= Hafida Izem =

Moroccan long-distance runner

Hafida Izem (born 20 April 1979) is a Moroccan marathon runner. She represented her country at the 2004 Summer Olympics. Based in Italy, she mainly competes in road races in the country, having won marathons in Bari, Treviso and Naples.

==Biography==
Her first international selection came at the 2001 Universiade, where she was 17th over 5000 metres. She won the Bari Marathon the following year. She opened her 2003 with a win at the Mare Monti half marathon and she improved her marathon best to 2:36.18 hours at the Rome City Marathon, coming fourth. She won the 2003 Prato Marathon in September.

She ran a half marathon best to claim the title at the Roma-Ostia Half Marathon in February, winning in a time of 1:10:39 hours. In March, Izem became the inaugural women's winner of the 2004 Treviso Marathon, and just one week later she ran at the 2004 IAAF World Cross Country Championships, taking 65th place. She set a course record at the Vivicittà Firenze Half Marathon the following month. A marathon best of 2:36:02 came at the Neapolis Marathon in Naples and she gained selection to represent Morocco the event at the 2004 Athens Olympics. She was 27th in the Olympic marathon race in Greece.

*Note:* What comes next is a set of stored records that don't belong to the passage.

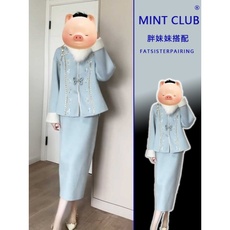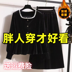 Milu家大码女装冬季气质小香风打底衫长款连衣裙胖mm显瘦两件套装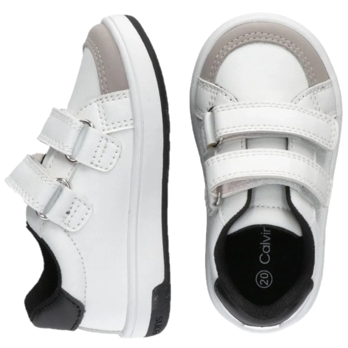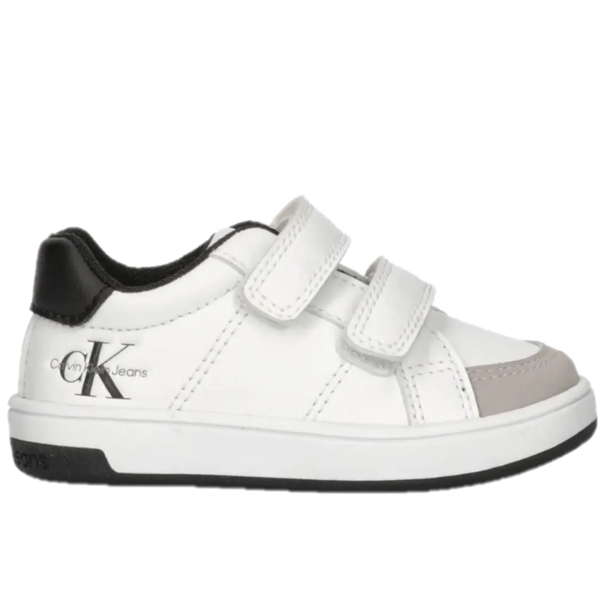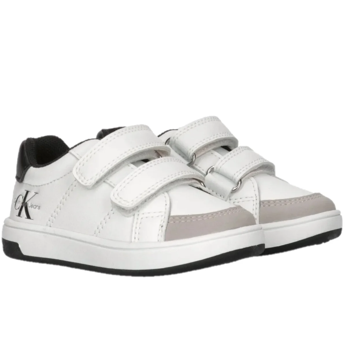 Scarpa CALVIN KLEIN in ecopelle con chiusura doppio velcro , fondo leggero in gomma antiscivolo .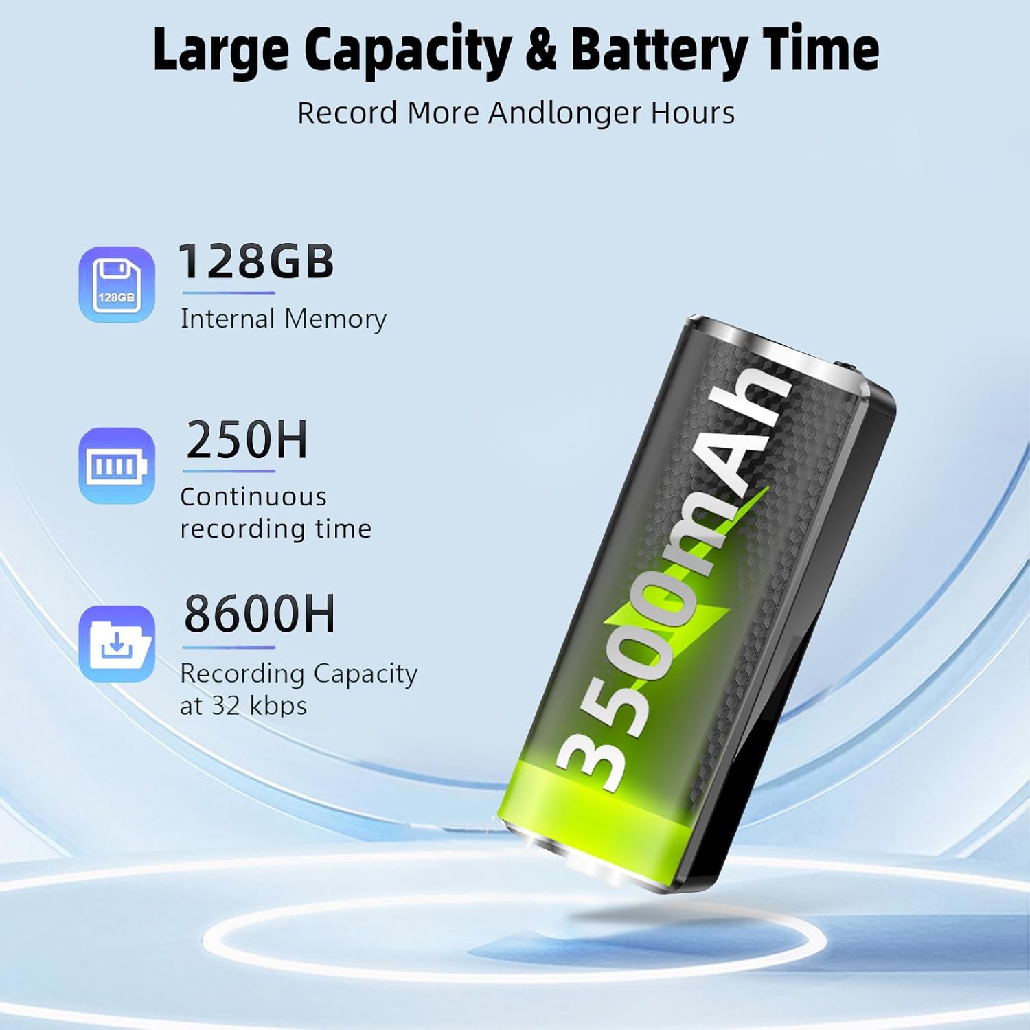 ✅【25 Days continuous recording】The audio recorder is equipped with a 3500mAh large-capacity battery, capable of supporting continuous recording for up to 25 days or 600 hours. With just one charge, it meets the usage demands of various scenarios.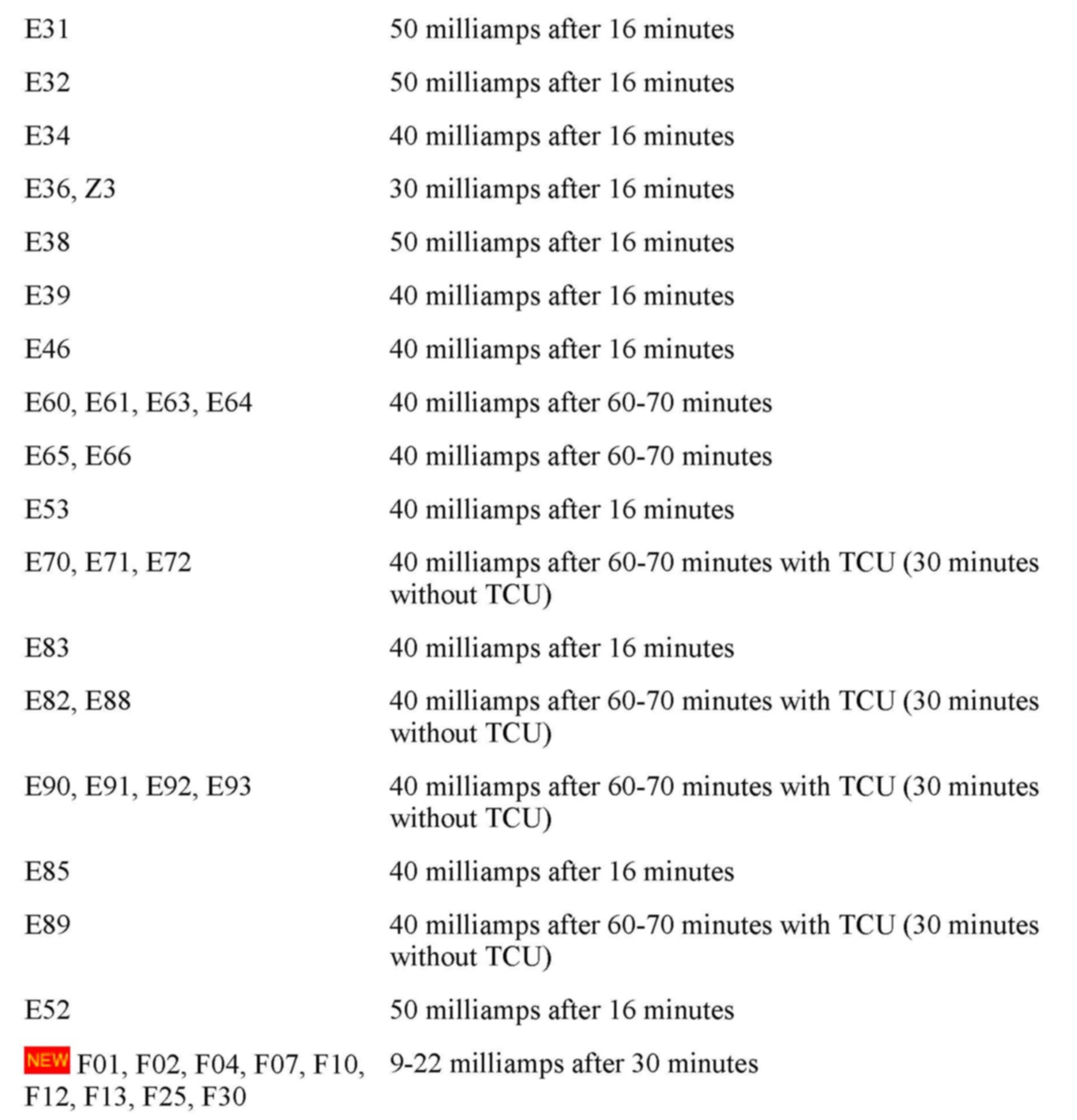 ^ Normal closed-circuit current values for E65, E70, E60, E61, E63, and E64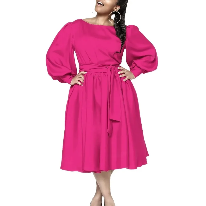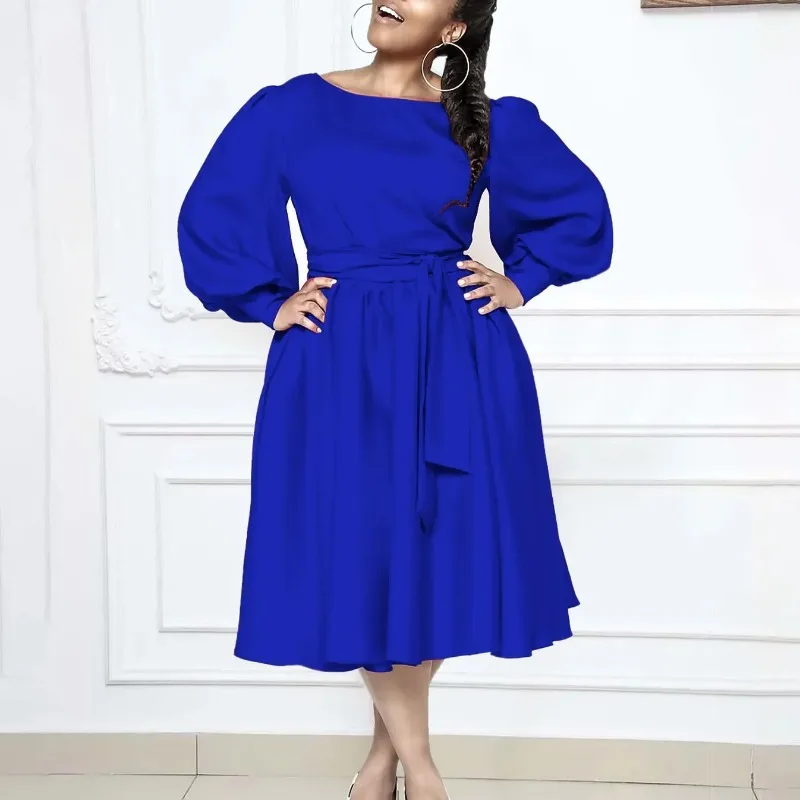 Spring Fashion African Long Sleeve O-neck Blue Yellow Rose Red Polyester Party Evening Midi Dress Dashiki Africa Clothing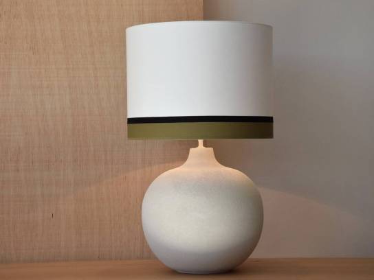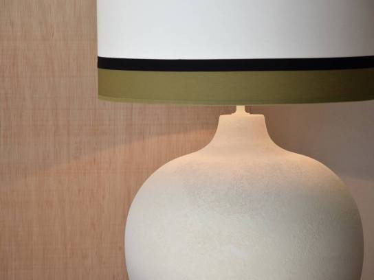 LÁMPARA DE MESA REALIZADA EN PASTA CERÁMICA CON ACABADO NATURAL LIGERAMENTE RUGOSO EVOCANDO UNA TEXTURA PÉTREA..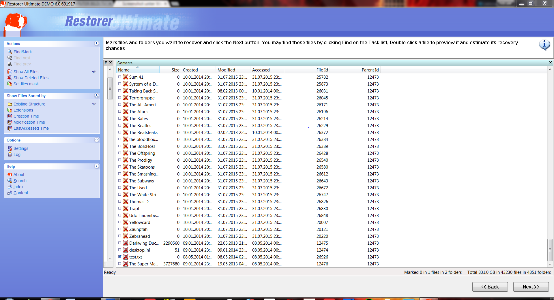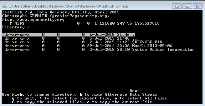 Bei mir erscheinen sowohl Ordner als auch Dateien in TestDisk, allerdings ist die Reihenfolge wild durcheinander.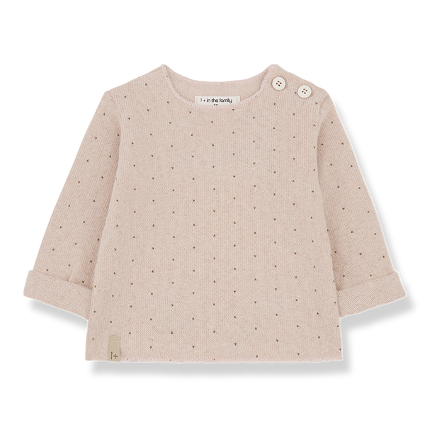 Le haut JUTTA est une pièce pleine de délicatesse, idéale pour composer les premières tenues d’automne et d’hiver. Confectionné dans une maille souple et confortable, il séduit par ses petits motifs discrets et sa teinte nude poudrée. Deux boutons à l’épaule facilitent l’habillage au quotidien, et les poignets retournés ajoutent une touche soignée. Signé 1+ in the family 🇪🇸, ce haut se porte aussi bien avec un pantalon qu’avec une jupe ou une salopette, pour un look doux et élégant.

Izem had a period of illness in 2005 but returned in 2006 to set a career best time of 2:31:30 hours at the Frankfurt Marathon, taking third place on the podium. She was fifth at the Roma-Ostia race in 2007, but took the top honours at the Citti di Pistoia Half Marathon a month later. She also ran a best for the 20 km (1:09:36) that month, coming fifth at the 20 van Alphen. She won the half marathon race at the 2011 edition of the Casablanca Marathon, then won the Half Marathon de Laayoune at the end of the year.